Below is a listing. Quote from it, exactly, the lines from the one containing "This men’s quilted" down to the one containing "The streaming giant", both ends included, and nothing else.

--- Materials provided ---
========================================

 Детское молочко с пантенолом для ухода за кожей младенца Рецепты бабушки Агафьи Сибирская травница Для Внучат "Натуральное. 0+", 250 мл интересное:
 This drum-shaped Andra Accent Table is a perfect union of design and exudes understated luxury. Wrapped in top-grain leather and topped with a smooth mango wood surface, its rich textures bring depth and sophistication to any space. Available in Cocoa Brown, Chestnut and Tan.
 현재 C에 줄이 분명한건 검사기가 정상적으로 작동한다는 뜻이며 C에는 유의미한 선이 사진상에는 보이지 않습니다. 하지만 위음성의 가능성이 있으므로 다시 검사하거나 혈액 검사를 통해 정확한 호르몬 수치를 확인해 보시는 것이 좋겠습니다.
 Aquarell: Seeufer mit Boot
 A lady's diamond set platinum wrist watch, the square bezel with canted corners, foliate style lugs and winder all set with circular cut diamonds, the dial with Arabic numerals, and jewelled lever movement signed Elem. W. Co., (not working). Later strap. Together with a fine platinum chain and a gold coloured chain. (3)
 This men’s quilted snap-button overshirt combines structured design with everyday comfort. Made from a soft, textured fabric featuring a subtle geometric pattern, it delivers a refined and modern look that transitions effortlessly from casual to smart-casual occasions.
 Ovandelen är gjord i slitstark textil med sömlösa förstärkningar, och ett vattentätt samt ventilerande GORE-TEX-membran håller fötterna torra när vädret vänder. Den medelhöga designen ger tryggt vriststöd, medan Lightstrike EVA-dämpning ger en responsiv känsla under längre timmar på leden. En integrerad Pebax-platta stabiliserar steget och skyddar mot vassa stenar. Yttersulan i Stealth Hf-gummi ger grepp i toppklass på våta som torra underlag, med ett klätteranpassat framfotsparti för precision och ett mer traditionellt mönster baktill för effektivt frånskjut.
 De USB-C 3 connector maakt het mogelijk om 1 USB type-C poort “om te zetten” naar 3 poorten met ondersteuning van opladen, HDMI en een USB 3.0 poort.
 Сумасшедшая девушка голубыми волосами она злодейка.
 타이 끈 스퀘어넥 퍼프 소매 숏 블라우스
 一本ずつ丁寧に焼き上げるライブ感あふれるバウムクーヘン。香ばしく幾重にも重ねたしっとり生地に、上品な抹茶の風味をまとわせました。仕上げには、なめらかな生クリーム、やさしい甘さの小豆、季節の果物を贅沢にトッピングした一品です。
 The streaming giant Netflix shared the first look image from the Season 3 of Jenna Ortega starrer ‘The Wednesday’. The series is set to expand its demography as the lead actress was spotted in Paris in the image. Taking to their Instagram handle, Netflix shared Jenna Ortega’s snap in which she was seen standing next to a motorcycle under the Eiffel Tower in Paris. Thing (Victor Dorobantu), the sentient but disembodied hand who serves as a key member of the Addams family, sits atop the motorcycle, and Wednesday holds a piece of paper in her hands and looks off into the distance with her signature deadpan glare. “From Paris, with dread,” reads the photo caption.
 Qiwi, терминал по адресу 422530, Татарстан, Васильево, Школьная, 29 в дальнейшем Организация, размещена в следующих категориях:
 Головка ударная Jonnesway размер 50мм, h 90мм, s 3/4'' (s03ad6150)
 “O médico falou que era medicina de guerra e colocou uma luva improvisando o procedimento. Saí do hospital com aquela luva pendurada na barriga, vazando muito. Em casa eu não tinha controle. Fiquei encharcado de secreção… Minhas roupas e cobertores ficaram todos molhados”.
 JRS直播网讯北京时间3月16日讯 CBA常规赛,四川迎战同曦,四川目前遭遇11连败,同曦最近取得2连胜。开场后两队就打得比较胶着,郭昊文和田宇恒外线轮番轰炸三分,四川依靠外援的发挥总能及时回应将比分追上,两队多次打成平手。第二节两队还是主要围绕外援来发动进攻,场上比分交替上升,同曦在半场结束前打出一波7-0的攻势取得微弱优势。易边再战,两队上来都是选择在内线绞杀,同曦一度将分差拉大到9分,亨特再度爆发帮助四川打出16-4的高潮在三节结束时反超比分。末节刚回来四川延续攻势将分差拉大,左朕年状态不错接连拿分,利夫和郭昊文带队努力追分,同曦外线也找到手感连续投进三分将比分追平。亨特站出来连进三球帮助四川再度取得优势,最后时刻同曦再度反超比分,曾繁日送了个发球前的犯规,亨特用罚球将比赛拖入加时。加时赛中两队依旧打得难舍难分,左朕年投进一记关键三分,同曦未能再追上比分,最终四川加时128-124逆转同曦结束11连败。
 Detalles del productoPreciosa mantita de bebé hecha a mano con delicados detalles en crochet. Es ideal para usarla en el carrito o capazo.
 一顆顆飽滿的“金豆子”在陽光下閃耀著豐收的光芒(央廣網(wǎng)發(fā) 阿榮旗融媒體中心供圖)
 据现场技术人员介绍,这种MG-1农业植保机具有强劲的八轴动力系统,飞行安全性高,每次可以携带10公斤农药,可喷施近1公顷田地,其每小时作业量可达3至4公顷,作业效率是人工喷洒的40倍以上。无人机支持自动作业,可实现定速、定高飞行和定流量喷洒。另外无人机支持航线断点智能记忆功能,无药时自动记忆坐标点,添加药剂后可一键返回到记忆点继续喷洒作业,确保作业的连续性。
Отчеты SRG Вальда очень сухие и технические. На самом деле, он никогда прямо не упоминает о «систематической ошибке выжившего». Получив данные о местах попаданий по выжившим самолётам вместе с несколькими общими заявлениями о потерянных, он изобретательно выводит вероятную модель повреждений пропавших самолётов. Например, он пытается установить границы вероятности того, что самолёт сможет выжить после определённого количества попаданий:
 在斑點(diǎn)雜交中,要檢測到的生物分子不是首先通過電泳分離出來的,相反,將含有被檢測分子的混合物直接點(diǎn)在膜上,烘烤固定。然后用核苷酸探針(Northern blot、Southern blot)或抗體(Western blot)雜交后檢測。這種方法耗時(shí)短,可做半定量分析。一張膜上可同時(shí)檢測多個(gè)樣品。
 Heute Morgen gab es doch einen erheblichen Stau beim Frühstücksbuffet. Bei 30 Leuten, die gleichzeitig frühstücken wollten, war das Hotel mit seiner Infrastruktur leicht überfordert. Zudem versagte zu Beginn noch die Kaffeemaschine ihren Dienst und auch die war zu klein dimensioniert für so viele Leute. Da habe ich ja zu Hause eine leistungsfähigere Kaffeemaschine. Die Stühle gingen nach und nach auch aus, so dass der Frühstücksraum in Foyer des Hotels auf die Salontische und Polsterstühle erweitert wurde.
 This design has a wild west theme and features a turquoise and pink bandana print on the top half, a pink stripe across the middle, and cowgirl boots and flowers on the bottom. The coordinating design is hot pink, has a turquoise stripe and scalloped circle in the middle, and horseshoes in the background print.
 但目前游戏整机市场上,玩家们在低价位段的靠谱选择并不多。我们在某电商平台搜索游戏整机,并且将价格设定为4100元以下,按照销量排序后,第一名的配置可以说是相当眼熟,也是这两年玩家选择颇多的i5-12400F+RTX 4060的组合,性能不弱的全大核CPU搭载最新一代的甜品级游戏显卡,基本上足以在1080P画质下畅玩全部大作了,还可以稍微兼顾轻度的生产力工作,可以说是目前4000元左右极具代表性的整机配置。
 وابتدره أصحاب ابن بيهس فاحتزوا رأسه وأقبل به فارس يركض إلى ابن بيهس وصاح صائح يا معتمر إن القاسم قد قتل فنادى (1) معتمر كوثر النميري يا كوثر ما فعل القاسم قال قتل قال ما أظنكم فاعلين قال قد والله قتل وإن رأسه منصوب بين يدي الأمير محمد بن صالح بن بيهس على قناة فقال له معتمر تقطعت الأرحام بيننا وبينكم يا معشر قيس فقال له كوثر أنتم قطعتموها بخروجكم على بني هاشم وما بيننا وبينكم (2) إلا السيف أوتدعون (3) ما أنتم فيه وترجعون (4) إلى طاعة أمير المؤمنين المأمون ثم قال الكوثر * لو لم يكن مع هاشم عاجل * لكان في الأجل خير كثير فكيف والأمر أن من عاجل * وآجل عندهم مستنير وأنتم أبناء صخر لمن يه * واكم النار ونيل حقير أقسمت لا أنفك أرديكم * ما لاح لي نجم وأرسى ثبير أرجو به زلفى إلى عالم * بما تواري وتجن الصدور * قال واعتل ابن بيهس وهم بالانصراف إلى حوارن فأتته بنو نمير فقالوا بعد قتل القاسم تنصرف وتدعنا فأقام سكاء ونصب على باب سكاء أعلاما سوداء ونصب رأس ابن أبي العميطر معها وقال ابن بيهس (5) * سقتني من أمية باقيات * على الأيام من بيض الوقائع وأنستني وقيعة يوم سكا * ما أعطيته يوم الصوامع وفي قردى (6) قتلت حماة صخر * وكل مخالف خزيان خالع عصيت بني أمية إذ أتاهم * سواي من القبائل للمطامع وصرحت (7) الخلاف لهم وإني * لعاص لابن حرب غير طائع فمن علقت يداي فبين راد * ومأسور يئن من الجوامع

========================================

--- Finished exercise ---
 This men’s quilted snap-button overshirt combines structured design with everyday comfort. Made from a soft, textured fabric featuring a subtle geometric pattern, it delivers a refined and modern look that transitions effortlessly from casual to smart-casual occasions.
 Ovandelen är gjord i slitstark textil med sömlösa förstärkningar, och ett vattentätt samt ventilerande GORE-TEX-membran håller fötterna torra när vädret vänder. Den medelhöga designen ger tryggt vriststöd, medan Lightstrike EVA-dämpning ger en responsiv känsla under längre timmar på leden. En integrerad Pebax-platta stabiliserar steget och skyddar mot vassa stenar. Yttersulan i Stealth Hf-gummi ger grepp i toppklass på våta som torra underlag, med ett klätteranpassat framfotsparti för precision och ett mer traditionellt mönster baktill för effektivt frånskjut.
 De USB-C 3 connector maakt het mogelijk om 1 USB type-C poort “om te zetten” naar 3 poorten met ondersteuning van opladen, HDMI en een USB 3.0 poort.
 Сумасшедшая девушка голубыми волосами она злодейка.
 타이 끈 스퀘어넥 퍼프 소매 숏 블라우스
 一本ずつ丁寧に焼き上げるライブ感あふれるバウムクーヘン。香ばしく幾重にも重ねたしっとり生地に、上品な抹茶の風味をまとわせました。仕上げには、なめらかな生クリーム、やさしい甘さの小豆、季節の果物を贅沢にトッピングした一品です。
 The streaming giant Netflix shared the first look image from the Season 3 of Jenna Ortega starrer ‘The Wednesday’. The series is set to expand its demography as the lead actress was spotted in Paris in the image. Taking to their Instagram handle, Netflix shared Jenna Ortega’s snap in which she was seen standing next to a motorcycle under the Eiffel Tower in Paris. Thing (Victor Dorobantu), the sentient but disembodied hand who serves as a key member of the Addams family, sits atop the motorcycle, and Wednesday holds a piece of paper in her hands and looks off into the distance with her signature deadpan glare. “From Paris, with dread,” reads the photo caption.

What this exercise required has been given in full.